▶ [TASK INSTRUCTIONS]:
An exact copy of the lines from the top of the data through the line with "The Sons of" is what you should give, with no pictures in it.

(Data entries)
+ + + + + + +

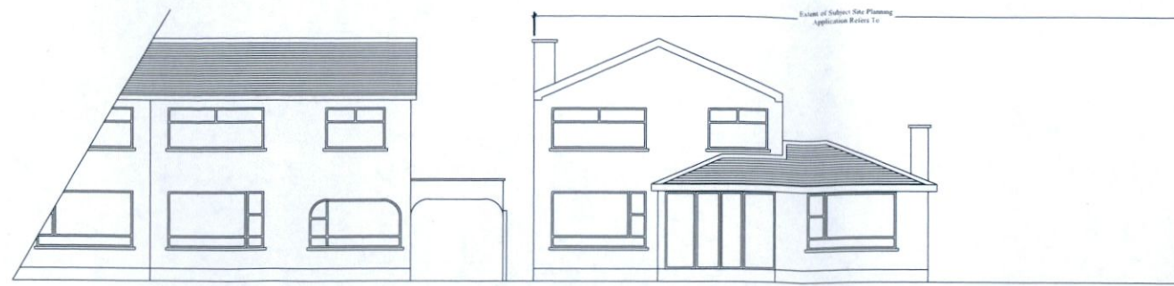
Existing Contiguous Elevation (Front)
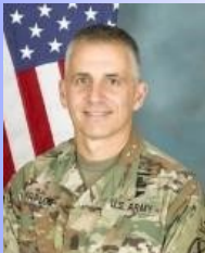
CSM Farlow Courage 7
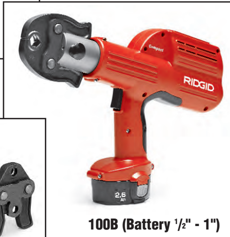
100B (Battery 1/2" - 1")
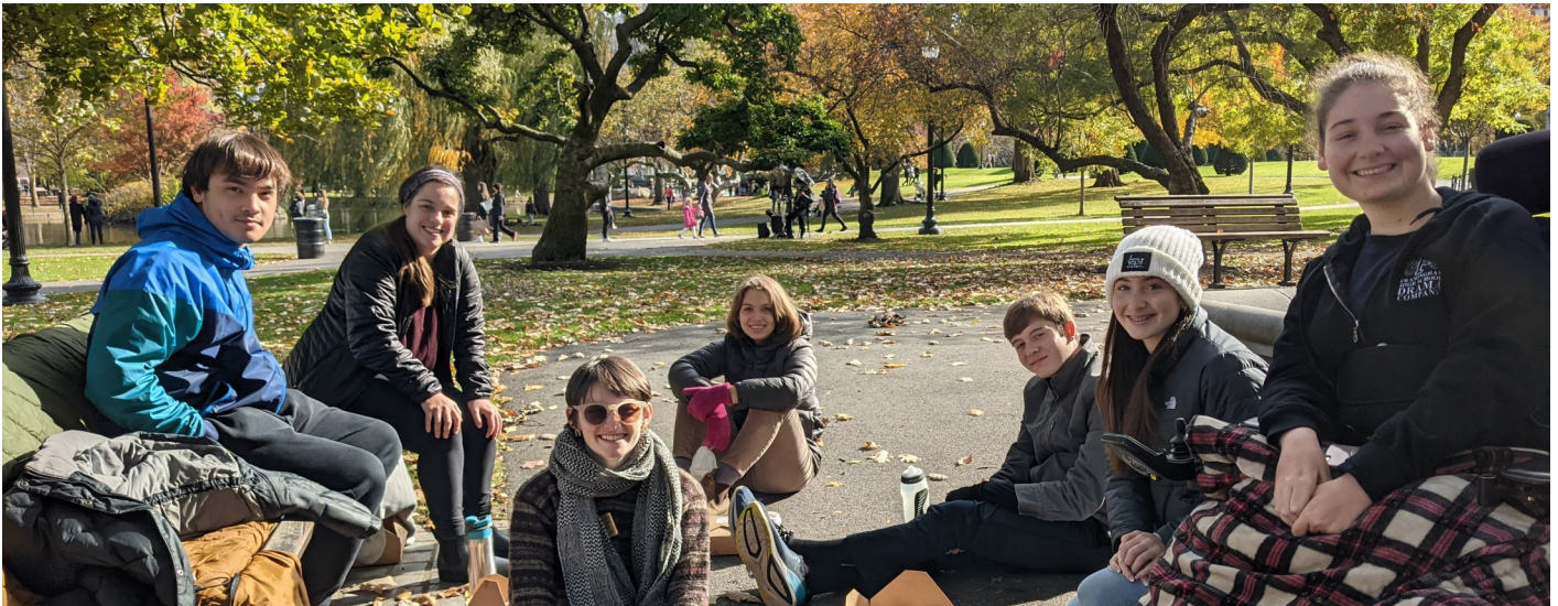
Old South's Youth Group met outside for most of the fall of 2021
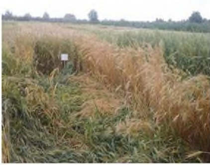
Wheat field infected with fusarium wilt
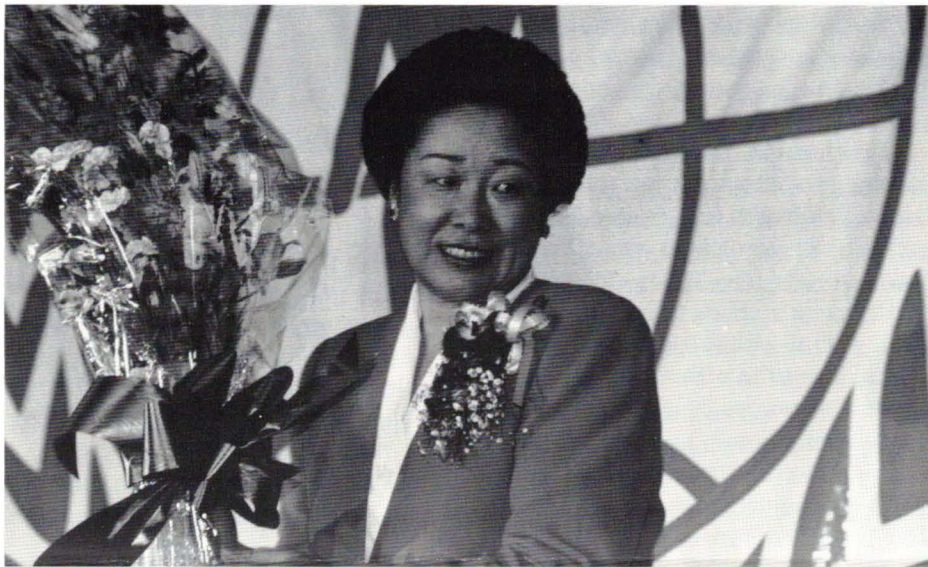
Mrs. Hak Ja Han Moon Inaugurates U.S. WFWP in Washington, DC

On the evening of November 23, 1992, the inaugural meeting for the Upstate New York chapter of the Women's Federation for World Peace (WFWP) was held at the Unification Theological Seminary. There were approximately 90 people in attendance, including 18 guests. The WFWP worked very hard for two weeks to plan the event and to give out invitations to neighbors and friends.
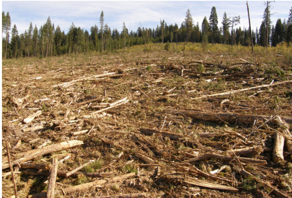
(a) Poorest option – minimal vertical structure to habitat
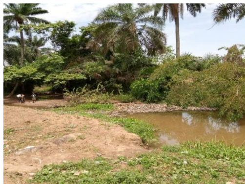
Figure 2: Pollution of River Water Through Eutrophication
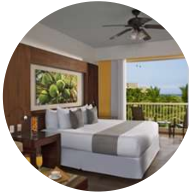
Deluxe Tropical View
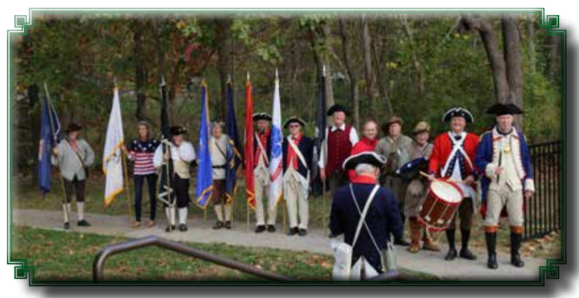
The Sons of The American Revolution at the Prospect Veterans Day Celebration

In other jurisdictions, the cameras have proven to be effective in fighting crime. They read license plate numbers and alert the police when a plate that has been stolen or that is on a stolen car is in the City. They perform the same function with regard to individuals with outstanding arrest warrants.
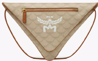
HIMMEL TRIANGLE POUCH IN LAURETOS THB 19,200 / NOW THB 7,680
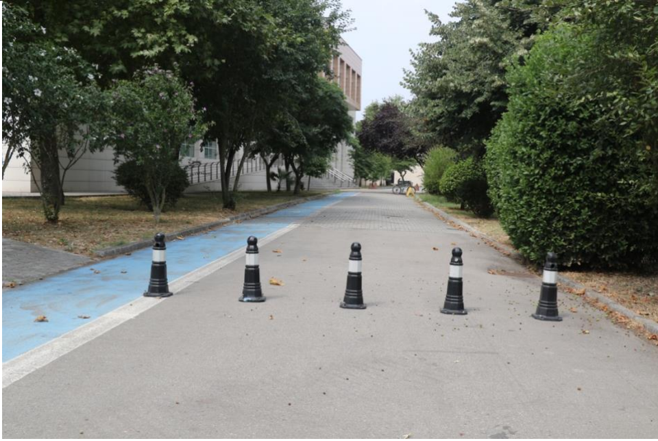
Pedestrian path (close area to traffic)
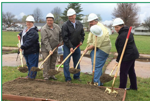
The Owensville Branch Ground Breaking ceremony was wonderful! Scenic Regional Library employees and speakers pose for pictures at the site of the new branch.
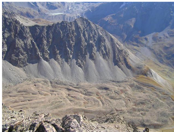
Figure 4. The "fossil" rock glacier (= without any global movement currently detectable) of the Vallon de la Route, in the Combeynot massif (Hautes Alpes)

The diversity of situations observed shows that most of the rock glaciers have a periglacial origin (i.e., the ice comes from burying snow under debris and freezing deep water), which does not exclude the presence of glacial ice (formed initially at the surface by the compaction of a neve). Finally, it should be noted that, regardless of the origin of the ice, only permafrost thermal conditions will allow the development and maintenance of a rocky glacier.
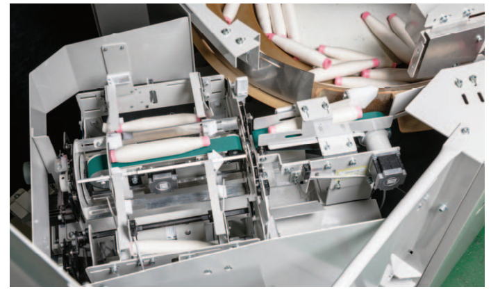
Dual Chute System (D.C.S.)
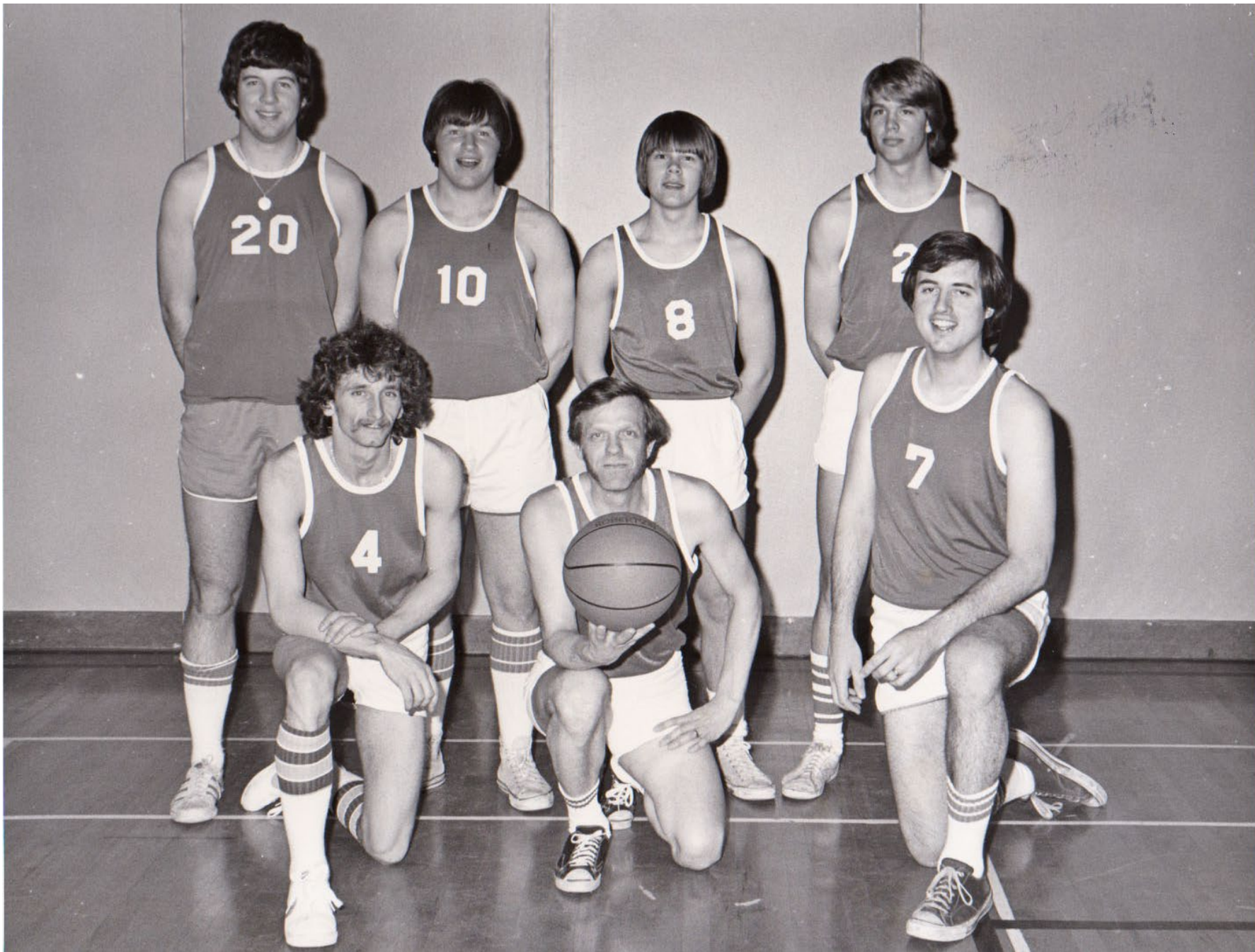
QALC Basketball Team!
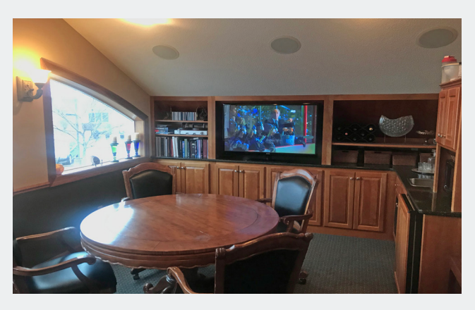
Upper Level Executive Office

+ + + + + + +

▶ [ANSWER BOX]:
Existing Contiguous Elevation (Front)
CSM Farlow Courage 7
100B (Battery 1/2" - 1")
Old South's Youth Group met outside for most of the fall of 2021
Wheat field infected with fusarium wilt
Mrs. Hak Ja Han Moon Inaugurates U.S. WFWP in Washington, DC

On the evening of November 23, 1992, the inaugural meeting for the Upstate New York chapter of the Women's Federation for World Peace (WFWP) was held at the Unification Theological Seminary. There were approximately 90 people in attendance, including 18 guests. The WFWP worked very hard for two weeks to plan the event and to give out invitations to neighbors and friends.
(a) Poorest option – minimal vertical structure to habitat
Figure 2: Pollution of River Water Through Eutrophication
Deluxe Tropical View
The Sons of The American Revolution at the Prospect Veterans Day Celebration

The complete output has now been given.